ANALYTICAL METHOD AND VALIDATION FOR SIMULTANEOUS ESTIMATION OF DROTAVARINE HYDROCHLORIDEAND NIMASULIDE AS API IN SYNTHETIC MIXTURE BY RP-HPLC METHOD AND UV-VISIBLE SPECTROSCOPY

Dr. Rashmi Kumari*, Dr. Vachaspati Dubey, Dr. Afroze Alam and Singh Nadkar and Narayan Singh

Abstract

A novel approach was develop and validate by rapid phase high performance liquid chromatography method for the simultaneous estimation of Drotavarine Hydrochloride and Nimasuide in active pharmaceutical ingradient (API) in synthetic mixture. This study describe the Simple, rapid, presice and accurate RP-HPLC method for simultaneous estimation in tablate dosage form.

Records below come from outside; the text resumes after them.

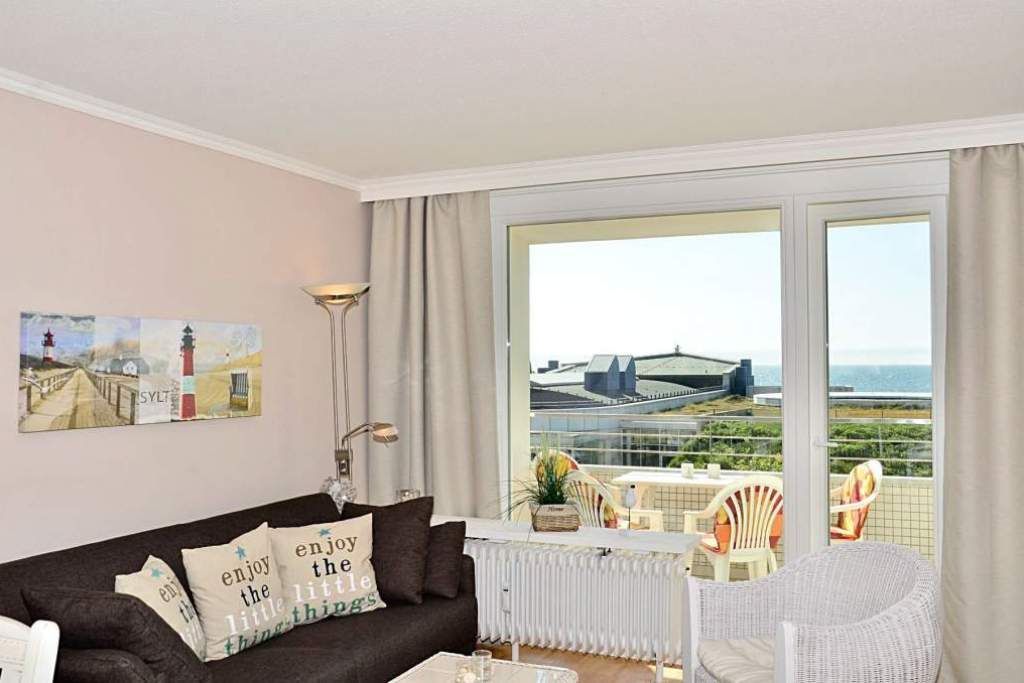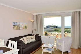 2-Zimmer-Nichtraucher-Ferienwohnung, ca. 54 m², in der 4. Etage zur Seeseite mit tollem Meerblick und sonniger Westloggia (Nachmittags- und Abendsonne, mit Balkonmöbeln und Auflagen) für max. 4 Personen.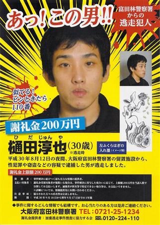 樋田の知人によると「大阪におらんのやったら、東京とか、関東の方に行ったかもしれん。今年5月(2018年)の逮捕前に、東京で先輩の手伝いをしていると話していた」という。 手伝いとは、おそらくは、家電の冷蔵庫など窃盗し、売りさばいていたことらしいという。「土地勘がなくても、知っている人間を頼って行ったのではないか」と話す。 元兵庫県警刑事の飛松五男氏は東京へ逃げた可能性について、「大阪から東京まで高速で5時間で行ける。助手席や後ろに座っていたら、チェックされる可能性は低い。捜査員も東京に向かって捜査しているという情報もある」と指摘する。東京でも目撃情報 大阪の逃走男、悪友を頼り関東に出没? - ライブドアニュース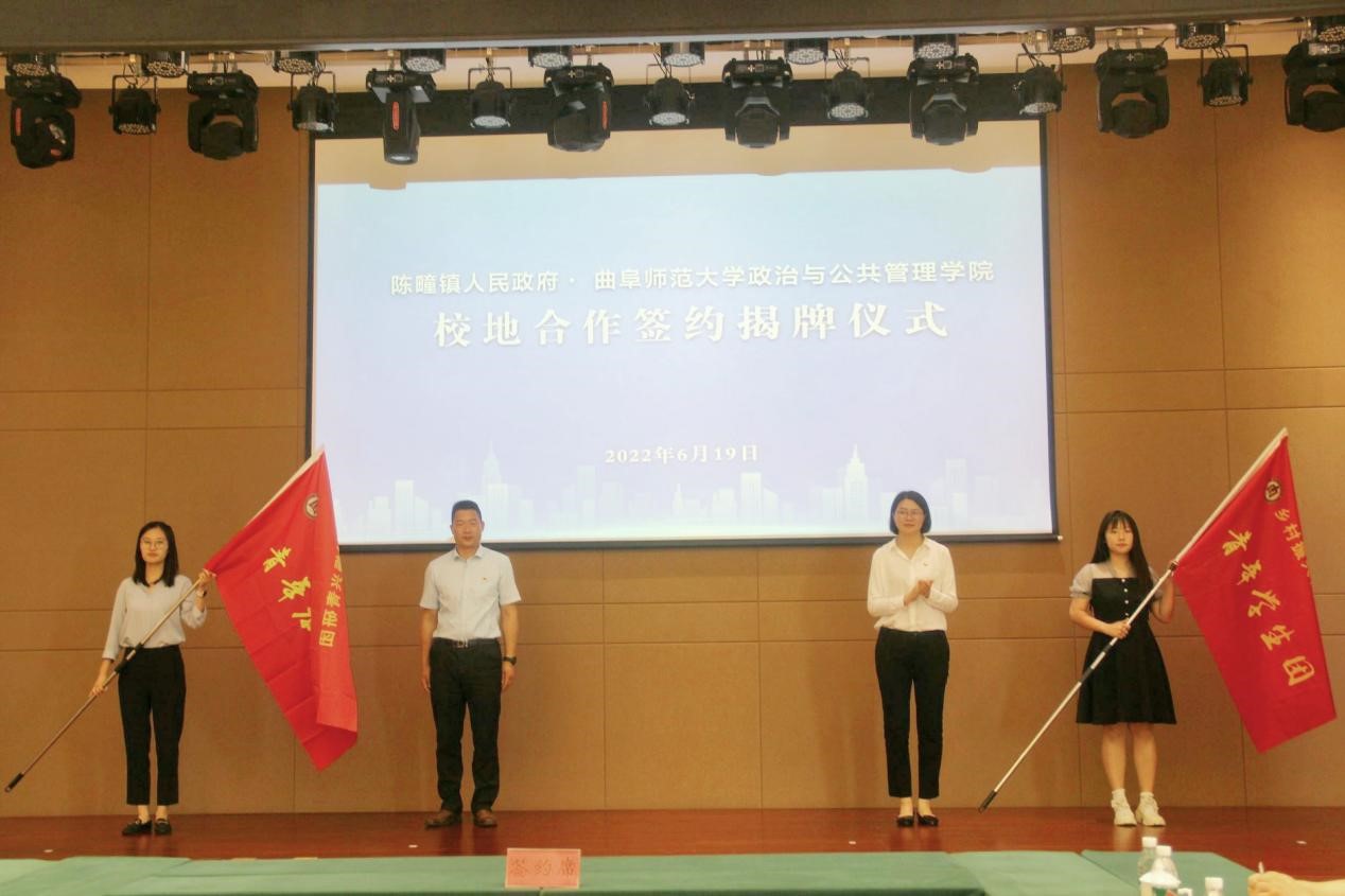 曲阜师大新闻中心讯(通讯员:彭倩倩 摄影:杨宁)为进一步开展校地合作,协同促进产学研融合发展,实现校地资源有效对接,6月19日上午,曲阜师范大学政治与公共管理学院与陈疃镇人民政府于山海路生态科技园区举行校地合作签约揭牌仪式。曲阜师范大学政治与公共管理学院副院长李增元,党委副书记张忠凯,副院长林士俊,东港区委常委、组织部长李满升,陈疃镇党委书记刘兴华,陈疃镇党委副书记、镇长李珊珊,出席签约揭牌仪式。曲阜师范大学政治与公共管理学院部分师生,东港区区财政局、农业农村局、科技局、人社局、检验检测中心负责人,陈疃镇班子成员、各村支部书记,蓝莓协会企业负责人,镇直有关单位负责人参加了活动。

The separation were achived on Nucleosil (length-250mm*4.6mm) particle size -5μm column with an isocratic mixture of methanol and acetonitrile 50:50, pH adjusted to and flow rate 0.6ml/minand run time 10 min and UV detection at 298.5 nm. The retension time for Drotavarine Hydrochloride and Nimasuide was 6.28 min and 8.60 min respectively. This method was linear in the range of 2-20 μg and 5-40 μg/ml Drotavarine Hydrochloride and Nimasuide. The correlation coefficient were 0.9990 for Drotavarine Hydrochloride and 0.9980 for Nimusolide. This method has been validated as per ICH guideline and applied for estimation of Drotavarine Hydrochloride and Nimasuide in commercially available tablet Dosage form.

Keywords: Drotaverine, Nimesulide, ICH, Tablet.